Prove that the number $\underbrace{111\ldots 11}_{1997}\underbrace{22\ldots 22}_{1998}5$ (which has 1997 of 1-s and 1998 of 2-s) is a perfect square.

Click for solution It is same as $\frac{10^{1997}-1}{9}\cdot 10^{1999}+20\left(\frac{10^{1998}-1}{9}\right)+5$ Letting $\frac{10^{1997}-1}{9}=a$ , we get $\frac{10^{1998}-1}{9}=10\cdot \frac{10^{1997}-1}{9}+1=10a+1$ Also $10^{1999}=10^{1997}\cdot 100=100(9a+1)$ So the expression become $100a(9a+1)+20(10a+1)+5=25(6a+1)^2$ which is obviously a perfect square since $a$ is integer .

Let $ABCDE$ be a convex pentagon such that $AB=AE=CD=1$, $\angle ABC=\angle DEA=90^\circ$ and $BC+DE=1$. Compute the area of the pentagon. Greece

Click for solution just a hint: take P on the ray DE such that EP = BC. Then you'll have DP=1, and the triangle EAP is equal to BAC, so the area of ACDP is equal to the area of the original pentagon, and DP=CD=1, AP=AC, and you complete the solution...

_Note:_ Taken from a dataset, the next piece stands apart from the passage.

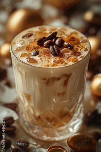 Close up of glass with iced coffee with coffee beans and hazelnuts scattered around it. This image, rich in detail and texture, is perfect for coffee product or coffee shop advertising

Find all pairs of positive integers $ (x,y)$ such that \[ x^y = y^{x - y}. \] Albania

Do there exist 16 three digit numbers, using only three different digits in all, so that the all numbers give different residues when divided by 16? Bulgaria

Click for solution The answer is no. Suppose the answer would be affirmative. Obviuously the three digits cannot be all of the same parity, because we would not be able to cover all the residues modulo 2 Thus there exists at least one even and one odd digit. Suppose WLOG that we have one odd digit and two even digits (the other case can be treated in the same way, replacing the word even with the word odd everywhere). Thus the 8 odd residues modulo 16 must be covered by odd numbers, that is the last digit is the odd one. But there are 9 ways to choose the first two digits, and out of those at least 4 must give odd residue when divided by 8, because the number $\overline{xy}\cdot 10$ ( $\overline{xyz}=\overline{xy}\cdot 10 +z\ \Rightarrow\ \overline{xy}\cdot 10$ ) must pass through all the even residues modulo 16. The last 4 numbers which give odd residue when divided by 8 must be formed having the last digit y, and odd number, but there are only 3 such numbers, which leads to a contradiction. Thus the problem is solved. I am not sure, but I belive this was my solution in the contest.